Elmoespanol · 16/01/2019 20:16

Should I do something about it though? Should I start trying to achieve these things or should I just let it go?

OP posts:
Parthenope · 16/01/2019 20:18

That’s why I asked why you didn’t act on your plans in the past — if you can identify why you made the choices you did, maybe you can figure out how to achieve the things you feel you missed out on?

whittingtonmum · 16/01/2019 20:20

I think it's really important to appreciate what you do have. And it sounds you do and are happy. Why not make plans for some of the things you still want to do in life and just let go of the rest. Seems a shame to spoil a perfectly good life with "what ifs"... For me this is not settling, this is prioritising what's most important in life. No one can have it all anyway- at least not for a sustained period I don't think.

OnePotato2Potato · 16/01/2019 20:30

Hmm OP I used to get this feeling frequently because my life didn’t pan out the way I had thought it would.

But, I have finally accepted that rather than be annoyed with myself or others around for not letting me pursue my dreams.

Can you go back to university? Or start training for a new career? I know it’s incredibly difficult if you have been away from education or a work environment for a long time. I am slowly pushing myself back into education and working after 9 years! I think for me it was about self belief and not dismissing my plans because of ‘obstacles’ which were possible to overcome, injury didnt believe in myself, IYSWIM.

What I mean to say is that you can still do some of those things, you just have to find a way around those obstacles!

OnePotato2Potato · 16/01/2019 20:39

Injury = I just 🤦‍♀️

Laiste · 16/01/2019 20:39

Hmm, I dunno. Unless there was some identifiable catastrophe which caused you to underachieve back then, it might be better to accept you're not up to the challenge of reaching where you'd ideally like to be.

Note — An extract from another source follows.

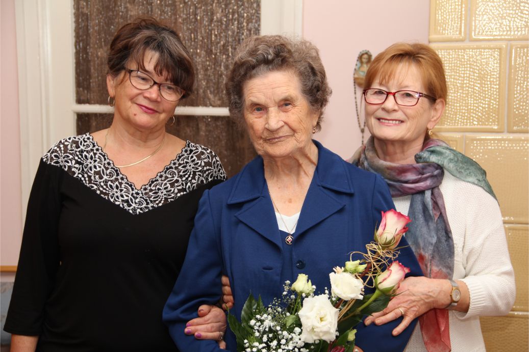 A szintén 95. születésnapját ünneplő Fekete Ferencné, Julika néni tősgyökeres komáromi. A Lengyárban dolgozott, majd a helyi ruhatisztítóból ment nyugdíjba közel 40 évvel ezelőtt. Három lánya közül sajnos az egyik tragikusan korán ment el, két másik lányának családja 7 dédunokával és egy ükunokával örvendeztette meg.

I know that sounds defeatest - and maybe it is !? but you can call it realism too. A great freedom.

It's no good beating yourself up about decisions you made in the past. What good is going through the rest of your life thinking ''coulda shoulda woulda''. Instead think - ''didn't and probably had a good reason, and that's that''.You were still you back then. Thinking the things that you think. Be kind to yourself.